他不敢過多打量, 被狼騎扣上鐵鎖綁至刑架上時,方勉強直視向了那片暗色, 卻不曾想對面的人也正望著他,那雙在昏暗中也幽戾逼人的眸子,瞧得他心口猛地一跳, 只覺似被一頭甚麼猛獸盯上了。

他勉強定了定心神,道:“我等已獻降於君侯,願為君侯效犬馬之勞,不知君侯這是何意?”

蕭厲開門見山問:“嚴家同西陵有關係?”

嚴縝心頭狂跳,面上卻還要做出一副困惑的神情來:“末將怎聽不懂君侯在說甚麼?”

蕭厲懶得再多費口舌,先前救巴什葉部首領生擒那名西陵小將時, 對方曾親口承認過王庭中有同他們西陵合作的大臣。

他前腳帶兵圍王庭,他們後腳就能反溫瑜,瞧著今日守城的架勢,似乎也沒打算直接獻降,那麼不外乎是想控制住溫瑜來號令梁、陳兩國了。
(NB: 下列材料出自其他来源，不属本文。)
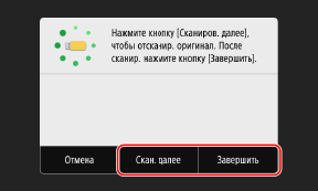 Чтобы продолжить сканирование оригиналов, поместите их на стекло экспонирования и нажмите [Скан. далее].

陳王是個被推出來的傀儡,那細作不在嚴家,應就在跟著嚴家一道反的幾大世族裡了。

他有的是時間慢慢審,將人找出來。

他朝立在邊上的狼騎淺抬下頜,對方當即取了刑鞭上前。

嚴縝身上的囚服被扒開,那特製的鑲有倒鉤的刑鞭甩下時,直接皮開肉綻。

他骨頭倒也硬,硬挨前幾鞭時,還能喊自己冤枉,到後面整個上半身已全然不能看了,滲出的血水浸透了囚服,沿著衣角一點點往地上滴落,在地上也匯聚了一小潭血跡。

他頭無力地往前垂著,眼皮上都墜著汗,瞧著已是奄奄一息,卻依舊沒有招供的意思。

狼騎不敢再對他繼續用鞭,看向了蕭厲:“君侯”

蕭厲微微揚手,那名狼騎便收起刑鞭暫且退到了後方。

蕭厲稍稍坐直了些許,身子前傾,硬朗英俊的五官完全暴露在燈燭下:“你若是招了,你家老爺子還能少受些罪。”

嚴縝抬起汗涔涔的眼皮,仍是咬死不認:“末將當真不知……”

他心知蕭厲既已審過陳王,那麼以陳王那軟骨頭,必是將他們架空溫瑜的一切都招了。

同為男人,他瞧得出蕭厲先前在宮門處的所為是甚麼意思,心裡翻騰著股莫名的滋味。

好在他們父子本也是哄著陳王出來當那個靶子的,並沒有讓陳王知曉他們太多計劃。

當下比較麻煩的還是溫瑜若借蕭厲翻了身,必會同他們父子清算,他必須趕緊把自己一家反溫瑜的事摘乾淨,再給二人埋個隱患。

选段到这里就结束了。